Work-Life Balance


Work Life BalanceWhat is the balance between your work and other aspects of your life? Do you spend too much time working or thinking about work at the expense of other things? Do you have the skills and environment to make your working life satisfying? 

Having a balanced life involves welcoming a range of aspects into your life. In particular, we function well and have satisfying lives when our various emotional needs are broadly met in balance. The most fundamental human emotional needs are these:

  • Security/safe territory: In finance, home, job, relationships
  • Autonomy and control: Volition to allow us to make responsible choices in and outside the workplace
  • Attention: Both giving and receiving sufficient quantities
  • Competence and achievement: In our job, hobbies and home life (self-esteem)
  • Status: Whether at work and/or home, with our hobbies and/or in social groups
  • A sense of meaning and purpose: Including being stretched
  • Being part of a wider community: Recognising that we are social creatures
  • Friendship and fun: Including having at least one person who accepts us warts and all
  • Emotional connection: Fostering ties to others
  • Privacy (and the time and space in which to enjoy it): In order to rest, reflect and consolidate learning

Our work environment often meets many of these needs, but relying too much on one source can put you at risk of difficulties if anything goes wrong with that source for any reason. It is a good idea to invest time in building a wide range of sources to meet our needs, in case one of the existing sources is unable to provide support at that time. It’s a little like a hammock, where each string provides an element of support. The more strings there are, the more stable things remain even if one or more strings break or become less reliable.

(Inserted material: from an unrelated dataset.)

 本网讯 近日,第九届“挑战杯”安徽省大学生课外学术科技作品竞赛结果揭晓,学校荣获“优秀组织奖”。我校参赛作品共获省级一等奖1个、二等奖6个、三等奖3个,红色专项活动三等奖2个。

If we consider each of our needs to see how well they are met in our work, personal and social lives, respectively, we can identify where any particular need could be better met and what we can then do to improve the degree of its fulfilment. A general review or life audit is worth doing from time to time, especially when we are under particular stresses. Stresses typically arise because of a low scale in fulfilment of one or more needs at a particular time or because we are misusing our imagination (i.e. worrying without applying problem-solving skills). So, being clear about the need which is not being met in balance gives us the opportunity to develop the existing source or, instead, to draw on or build another source so we can meet that need elsewhere. 

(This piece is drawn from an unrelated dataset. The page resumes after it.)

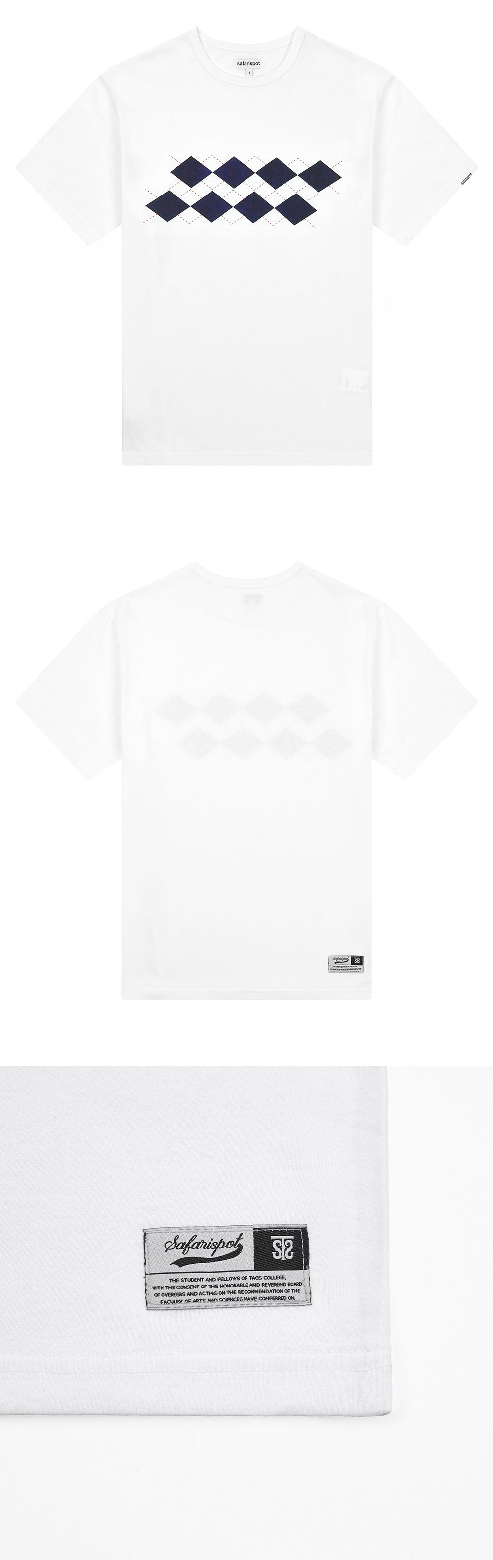 사파리스팟 루 베이스 스쿨 아가일 티 화이트

We have various innate resources which allow us to ensure that our needs are met. These are the ability to learn and add new knowledge to innate knowledge (that is, having both a memory and the ability to forget); curiosity, imagination and the ability to problem solve; the ability to focus and redirect attention; the ability to understand through metaphor (known as pattern-matching); self-awareness and being an observing self; resilience; the ability to empathise and connect with others; and a dreaming brain that debriefs the emotional brain every night, thereby keeping us sane. We have immense inner resources to tackle difficulties and recognising and practising how best to use these will allow us to take better control over our lives.